-
-
Notifications
You must be signed in to change notification settings - Fork 20
Description
Currently warcat gives the following error on revisit records from a deduplicated WARC:
Traceback (most recent call last):
File "/usr/local/lib/python3.4/dist-packages/warcat/tool.py", line 282, in action
action(record)
File "/usr/local/lib/python3.4/dist-packages/warcat/tool.py", line 298, in verify_payload_digest
raise VerifyProblem('Bad payload digest.', '5.9')
warcat.tool.VerifyProblem: ('Bad payload digest.', '5.9', True)

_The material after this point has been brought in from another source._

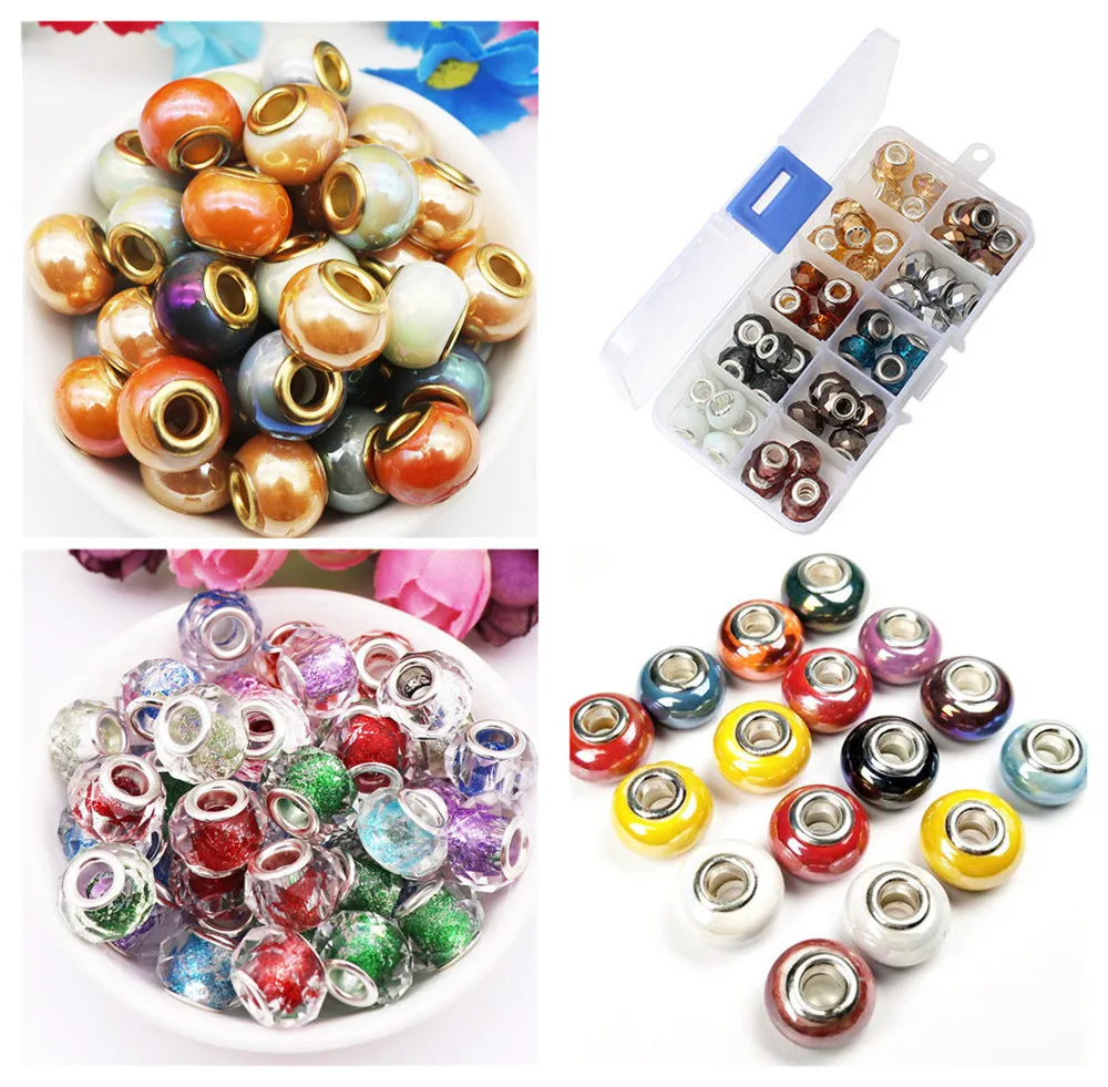 5 мм большая дыра Хрустальные стеклянные бусины Подвески подходят для Pandora браслет цепочка змеи для женщин девушек Сделай Сам Изготовление ювелирных изделий

The payload digest of a revisit record should be the payload digest of the record the revisit record points to, see 6.7.2 on page 15 (page 21 in the PDF) on http://bibnum.bnf.fr/WARC/WARC_ISO_28500_version1_latestdraft.pdf:
To report the payload digest used for comparison, a 'revisit' record using this profile shall include a WARC-Payload-Digest field, with a value of the digest that was calculated on the payload.
(...)
For records using this profile, the payload is defined as the original payload content whose digest value was unchanged.
Currently warcat reports an error for the payload digest, it would be nice if it would check the WARC for the record the revisit record refers to. If that record is in the WARC, compare the payload digest with that. If the record is not in the WARC, throw a warning or info that the record the revisit record refers to is not in the WARC.